La noche pasaba muy lentamente y Tessa comenzaba a aburrirse. Después de mucho tiempo en la sala, con bailes, festejos y mucha comida, retomaron el viaje de vuelta a casa. Era muy tarte, demasiado, y ella no pudo impedir dormirse durante el trayecto.

Cuando llegaron lo primero que hizo fue despedirse de Irwin y James y dirigirse a su dormitorio, donde la esperaba un baño caliente de burbujas. Ni si quiera se molestó en mirarlo, ya que fue directa a la cama y se durmió tan rápido como se desvistió.

Pensaba que al día siguiente se despertaría muy tarde, algo que una dama tendría que evitar, pero para su sorpresa abrió los ojos y aún era de noche.

Se asomó por la ventana y no distinguió ni una figura. Si no hubiera sido por su inesperado desvelo, no se le hubiera ocurrido la idea de bajar junto al lago a tales horas. Pero ella amaba el campo y el aire fresco, y se sintió obligada a hacerlo. Bajó por las escaleras y disfrutó del silencio que se adueñaba de toda la zona. Caminó bordeando el lago y escuchando el suave y ligero movimiento del agua.
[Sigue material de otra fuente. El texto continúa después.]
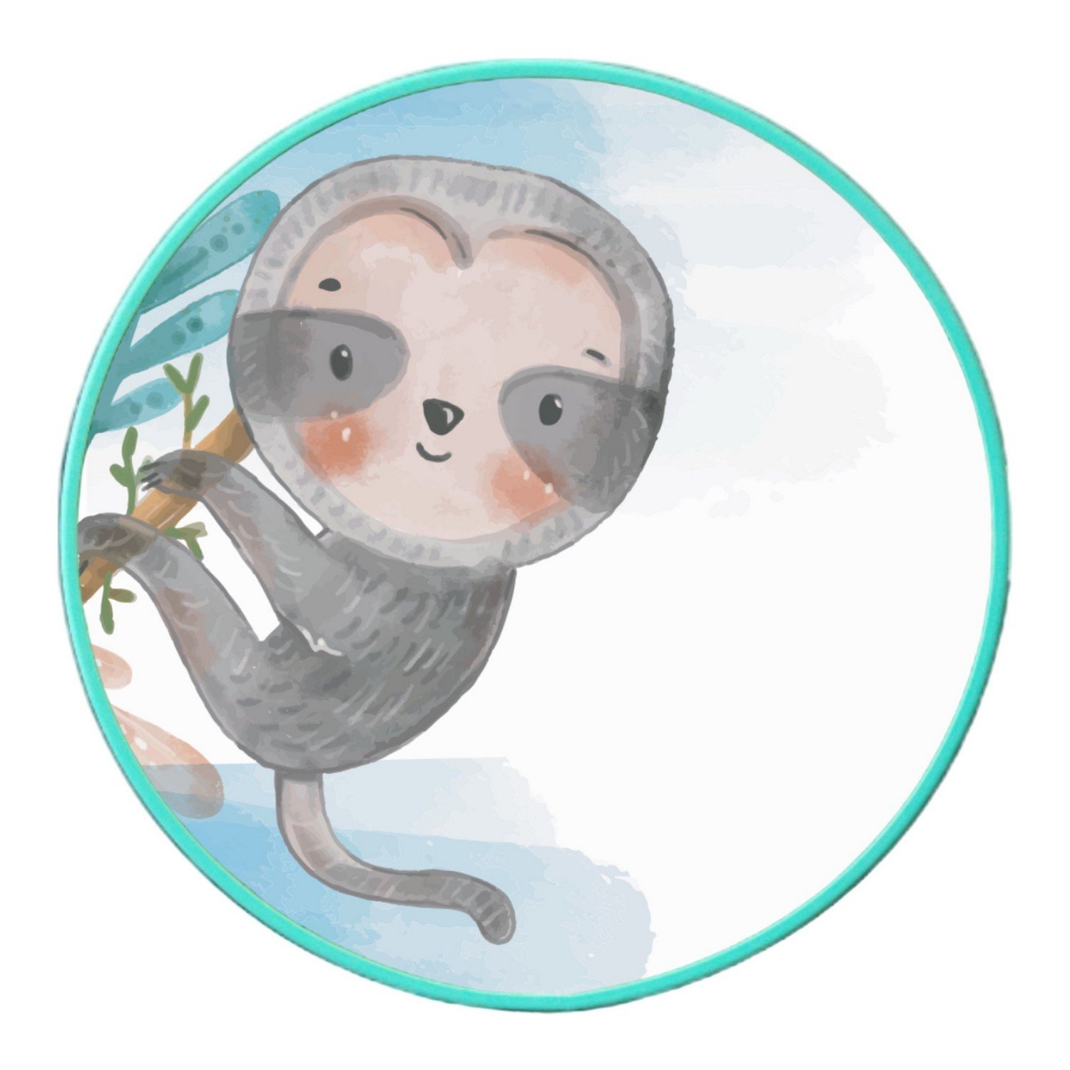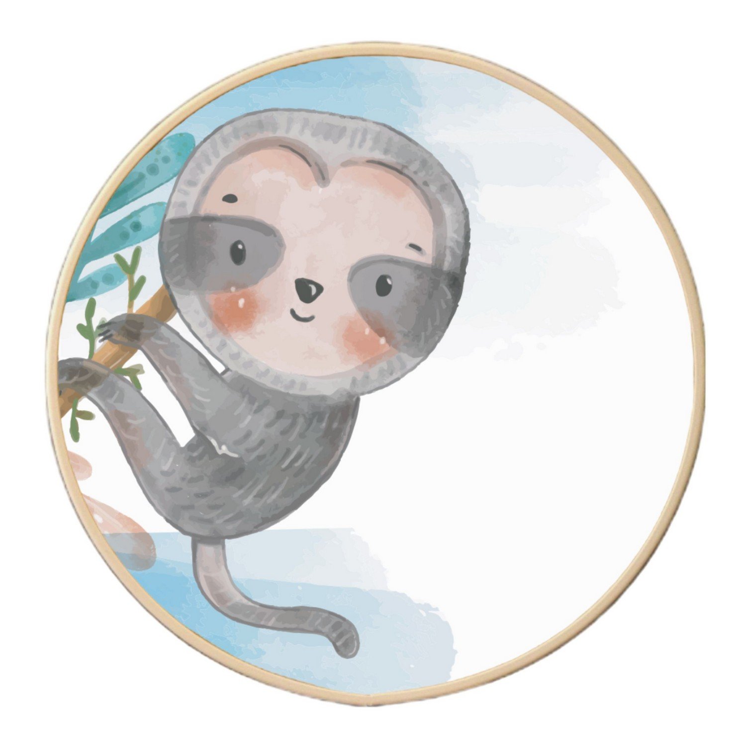 Quadro Decorativo Redondo Infantil Macaco Fofinho com Moldura Filete Flexível
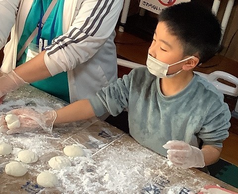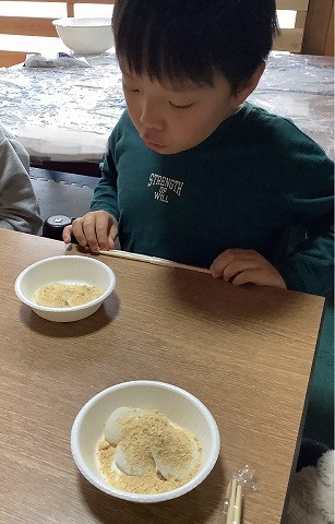 一生懸命にお餅を丸めていった後には、自分たちで丸めたお餅を食べました。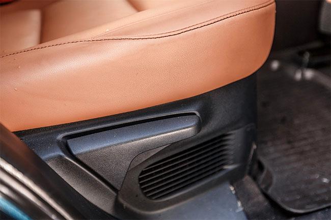Зато сидеть на втором ряду сидений уютно и свободно: трансмиссионный тоннель практически отсутствует, а со всех сторон окружает аккуратная рыжая кожа с мягкой набивкой.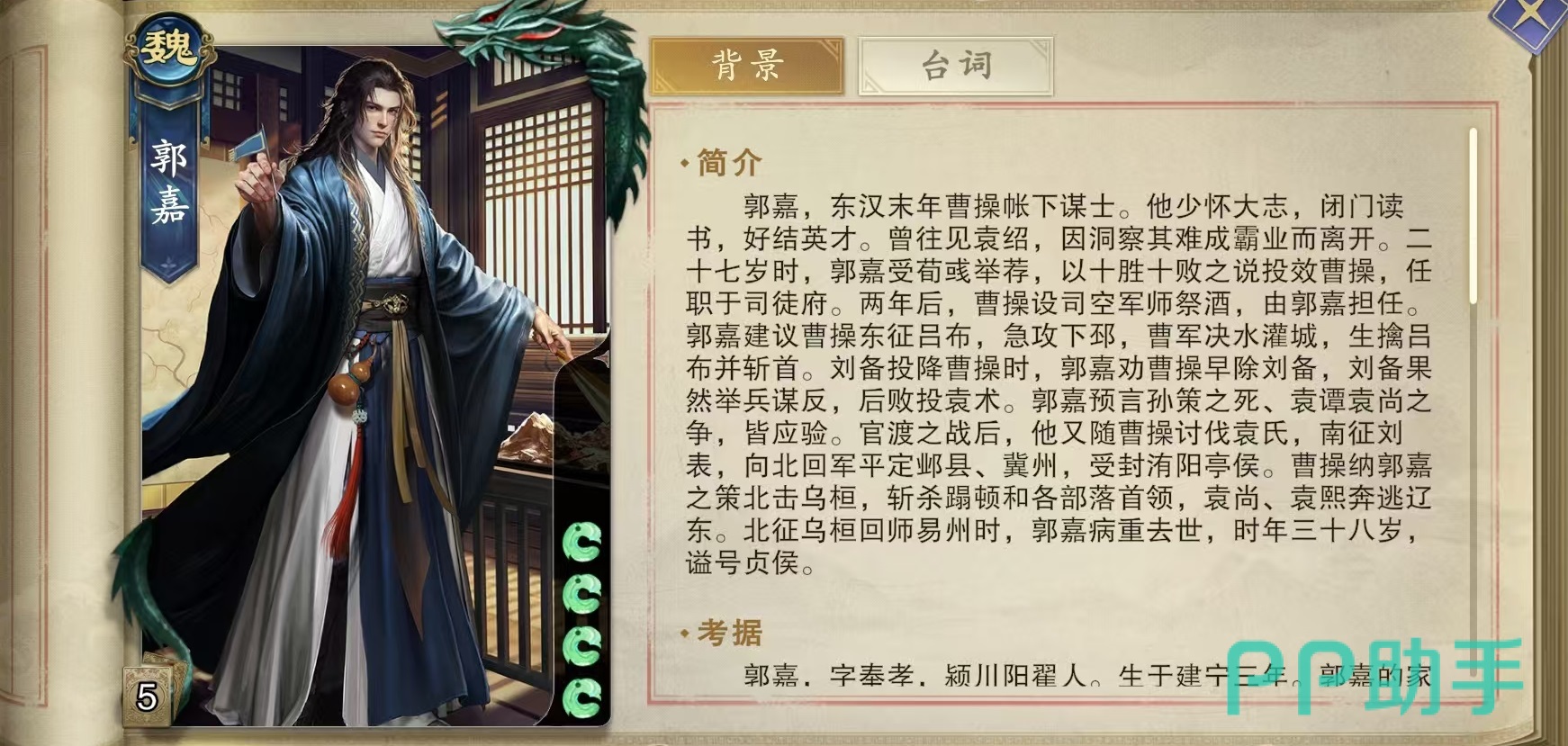 在历史中,郭嘉是东汉末年曹操帐下谋士。在辅佐曹操的过程中立下了很多功劳,拥有极高的谋略,出现在代号杀中的郭嘉自然也非常强势,今天小编来介绍一下代号杀郭嘉怎么玩。游戏中设计出的这些武将卡牌都有自身的技能特点,玩家只有在了解清楚这些技能效果之后才能真正上手使用。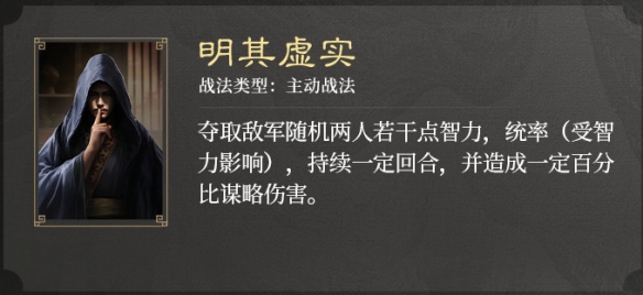 夺取敌军随机两人若干点智力,统率(受智力影响),持续一定回合,并造成一定百分比谋略伤害。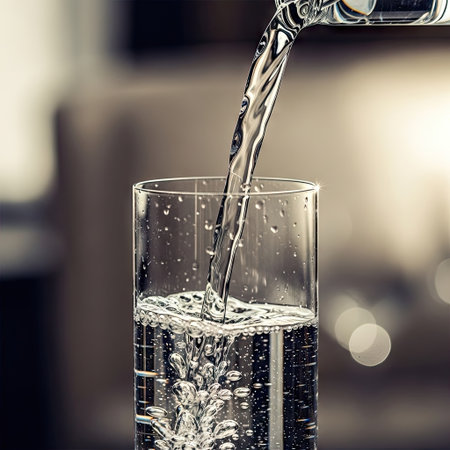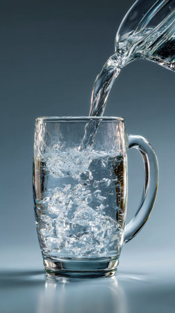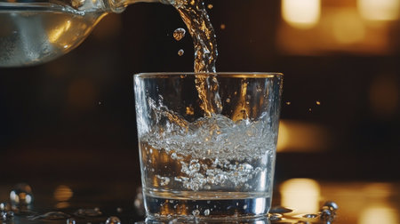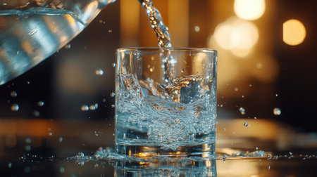 Detailed view of a glass of water being poured from a jug, with splashes and reflections

Un destello en la gruta, blanco y llamativo le llamó la atención. Se acercó a la entrada de la cueva y se percató de que era un trozo de metal con una punto afilada, como si perteneciera a un pico. Miró hacia la profundidad y su testarudez le suplicó que entrara.

No podía. Era uno de los lugares donde estrictamente le habían dicho que no entrara bajo ninguna circunstancia, pero con eso solo consiguieron que le diera más ganas de hacerlo. Tessa había heredado las cabezonería de su hermano.

Se adentró en la oscuridad. A medida que daba un paso más temía y sentía un cosquilleo que, de todas formas, le agradaba. Caminó y caminó, pero no había final. Se empezó a asustar, mucho. Vio una luz muy tenue en una esquina de la piedra y se agachó hacia ella.

—¿Que...? —se le escapó.

Al no tocar nada se le ocurrió pegar el ojo a través de ella. Distinguía algunas figuras, pero eran muy opacas. Poco a poco comenzó a observarlas mejor y cuando se quiso dar cuenta vio que era algo parecido a una mina.

Pero... Eran... Niños. Habían una multitud de críos picando la piedra de las paredes de las minas, semidesnudos y flacos. Guardias con látigos, vías de carros que llevaban y traían minerales...

¿Todo eso había estado ahí durante todo ese tiempo?